Teele convicted in Warren slaying > Judge rejects bail plea, citing risk of flight, criminal history

ROCKLAND — Allen Teele was convicted of felony murder, manslaughter and robbery Wednesday afternoon for his role in a 1992 home invasion that led to the beating death of a 79-year-old Warren man.

The Knox County Superior Court jury returned the guilty verdicts after 1 1/2 days of intense deliberations during which it had to ask several times for Justice Francis Marsano to clarify points of law on the charges against the 27-year-old defendant from Westbrook.

As the verdicts were read, Teele slumped in his chair and sobbed. Friends and family members, who filled two benches during the five-day trial, let out a collective moan and wept. Teele’s mother, shaking uncontrollably, had to be carried from the courtroom.

Although Teele has been free on bail since his arrest in January 1995, Marsano ordered him held without bail pending sentencing, citing the seriousness of the convictions and his extensive criminal history of property and violent crimes for which he already has served two prison terms.

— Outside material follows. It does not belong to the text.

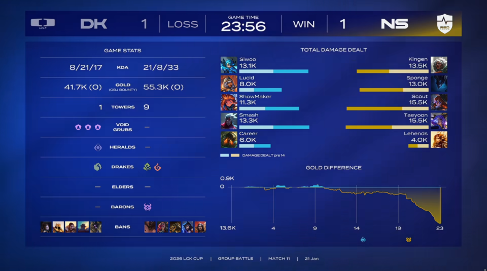 第一局比赛,DK蓝色方,禁用:发条、沙皇、杰斯、泰坦、韦鲁斯,选用:Siwoo奎桑提、Lucid皇子、ShowMaker瑞兹、Smash希维尔、Career巴德;NS红色方,禁用:石头人、芸阿娜、蔚、卢锡安、卡尔玛,选用:Kingen兰博、Sponge潘森、Scout岩雀、Taeyoon伊泽瑞尔、Lehends妮蔻

Each of the three Class A felonies Teele was convicted of Wednesday carries a maximum sentence of 40 years.

Teele and two others — Earl Nash, 26, of Camden and Floyd Firth, 31, of Thomaston — invaded the Warren trailer home of Carroll Howard on the night of April 1 or 2, 1992, to rob the elderly man of money to continue a drinking binge. Howard was beaten and left bleeding profusely from the face by the robbers, who ripped his telephone from the wall and fled with $5 in change.

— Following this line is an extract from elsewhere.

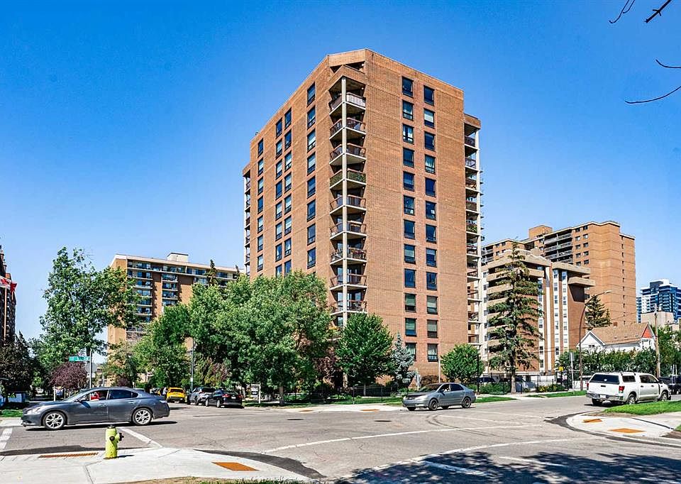 Experience elevated downtown living in this expansive 1,315 sq. ft. penthouse, located in a well-maintained concrete and brick building in Calgary’s vibrant Beltline. With sweeping city views, modern upgrades, and a highly walkable location, this 2-bedroom, 2-bathroom corner unit offers a rare blend of comfort, functionality, and classic charm. Inside, you will find hardwood flooring and a striking wood-burning fireplace with a marble surround. Oversized windows fill the spacious living and dining areas with natural light, creating a warm and inviting atmosphere. The well-maintained kitchen features generous cabinetry, a built-in wall oven and microwave, and a recently replaced refrigerator. The primary suite offers three closets and a spacious 4-piece ensuite with updated tile, flooring, and modern faucets. The second bedroom is adjacent to a fully renovated 3-piece bathroom with a standing shower, updated finishes, and contemporary fixtures. Enjoy panoramic downtown views from your private balcony. Additional features include a full laundry room, one underground parking stall, and a dedicated storage locker. This pet-friendly, professionally managed building is located just steps from the best of 17th Avenue, restaurants, cafes, shops, parks, and public transit. Penthouse units with this layout, level of care, and character are rarely available. Book your private showing today.

Howard’s body was found on April 4 by a friend. The cause of death was determined to have been massive loss of blood from fractured facial bones.

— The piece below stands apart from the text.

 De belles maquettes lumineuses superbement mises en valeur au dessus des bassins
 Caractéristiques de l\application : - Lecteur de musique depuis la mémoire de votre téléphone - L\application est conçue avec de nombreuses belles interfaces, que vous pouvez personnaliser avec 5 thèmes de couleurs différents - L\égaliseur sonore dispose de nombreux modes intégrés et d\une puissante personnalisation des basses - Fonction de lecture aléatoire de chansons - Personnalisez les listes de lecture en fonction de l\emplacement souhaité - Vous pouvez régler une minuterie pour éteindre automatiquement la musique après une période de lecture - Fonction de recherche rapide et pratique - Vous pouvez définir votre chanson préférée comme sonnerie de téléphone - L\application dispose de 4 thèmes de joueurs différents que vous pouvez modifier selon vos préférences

The crime went unsolved for more than 2 1/2 years, until Dalton Malmstrom II of Rockland was arrested in January 1995 for a series of burglaries he had committed with Nash. While in custody, Malmstrom gave police information he had learned from Nash, his friend, and Teele, his brother-in-law, about the Howard case.

Nash and Firth pleaded guilty last fall to felony murder, the charge when death results during the commission of a robbery, and they are awaiting sentencing. Nash, who has an extensive criminal record, faces a maximum of 20 years in prison for the Howard crime and five unrelated robberies. Firth, who had a relatively clean record before the crime, faces a maximum of 10 years. Teele was offered a plea agreement with a cap of 25 years, but he refused the state’s offer.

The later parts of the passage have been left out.